In fact, there is another knowledge point implied here: the original code is filled with 0.

If the word length is n + 1, then the decimal representation range of the original code is: $- (1-2 ^ {-n}) \ le x\ le 1 - 2 ^ {-n} $, symmetric about the origin.

The original code definition of pure integers:

[x]_{原} = \begin{cases} 0,x & 2^n\gt x\ge0\\ 2^n - x = 2^n + |x| & 0 \gt x\gt-2^n \end{cases}

The representation range of n + 1-bit original code positive numbers is: $- (2 ^ n-1) \ le x\ le 2 ^ n-1 $, symmetry about the origin

For the original code, there are positive 0 and negative 0 two representations, namely + 0 = 00000, -0 = 10000.

Complement

The original code addition and subtraction operation rules are more complicated. For the addition of two different signed numbers (or the subtraction of the same signed number), the absolute value size of the two numbers must be compared first, and then the large absolute value is subtracted from the small absolute value.
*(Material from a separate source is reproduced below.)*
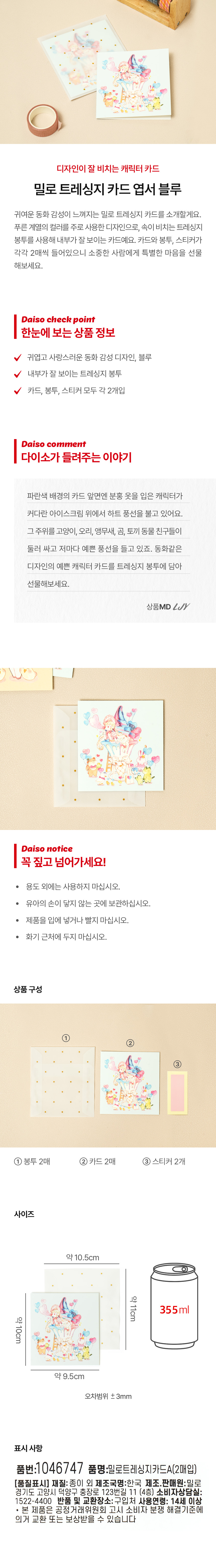 DAISO Milo tracing paper card A (2 sheets)

Finally, it is more troublesome to choose the appropriate symbol for the result, and the addition and subtraction operation of the supplementary code is unified.

Complement definition of pure decimal:

[x]_{补} = \begin{cases} x & 1\gt x\ge0\\ 2 + x = 2 - |x| & 0 \gt x\ge-1 \end{cases} \ mod \ 2

Complement definition of pure integers:

[x]_{补} = \begin{cases} 0,x & 2^n\gt x\ge0\\ 2^{n+1} + x = 2^{n+1} - |x| & 0 \gt x\ge-2^n \end{cases} \ mod\ 2^{n+1}

The number of representations of the complement code is one more than the original code, that is, the minimum number that can represent one more number. The reason is that the positive 0 and negative 0 of the complement code are the same, so we define the original -0 as $-2 ^ n $

Complement is the most important representation. First of all, we need to understand why it is called complement. Because the quantitative relationship between the original code and the complement is complementary. For negative numbers, the original code + complement corresponding to a positive number is equal to 2 dollars ^ {n + 1} $

As for the latter modulo 2 is a natural operation of the computer, the number of machines is a total of 8 bits, that is, when n = 7, if you add 2 dollars ^ 8 $, that is, there is an extra 1 before the highest bit, but this bit In fact, it will overflow, which is equivalent to modulo 2 dollars ^ {n + 1} $.

So why do we have to go around in such a big circle?

We use the definition of pure integers, assuming that the machine number is 8 bits long, that is, n = 7 of the above formula, there is a negative number -9, we usually calculate 126 plus -9, which can be directly calculated, that is 117.

But if you add 2 to the 8th power (which is 256), that’s 256-9 = 247, ** we’ll put 126-9 as bit (126 + 247) mod 256, or 117 **

After making a circle like this, we can also express subtraction as addition.

** When x is negative, the complement is 2 dollars ^ {n + 1} + x\ mod\ 2 ^ {n + 1} $is a numerical representation, indicating that the result of the calculation is correct, but in fact we find the complement by 2 dollars ^ {n + 1} - | x | $**

Reverse code

The inverse code is relatively simple and does not have much meaning. It is just an intermediate state in which the original code becomes a complement. The inverse of the original code except the sign bit is the inverse code, and the inverse code plus 1 is the complement code.

Note that the above set is for negative numbers, and the positive inverse code is the same as the original code.

Frameshift

The definition of frameshift is:

[x_{移} = 2 ^ n + x]

His name is frameshift, which is actually equivalent to the whole representation of the original code that was symmetrical on the number line, and the whole is moved to the right to the positive part of the number line. Its function is to compare the frameshift bit by bit, and the big one is the big one. Unlike signed numbers, the first bit of 0 is smaller than 1, but in fact 0 is a positive sign.

And it is interesting that the shift code and the complement code are opposite except for the symbol.
That is to say, the process of converting the original code to the inverse code and the process of transferring the complement code are the same, both the symbols are invariant, and the others are inverted.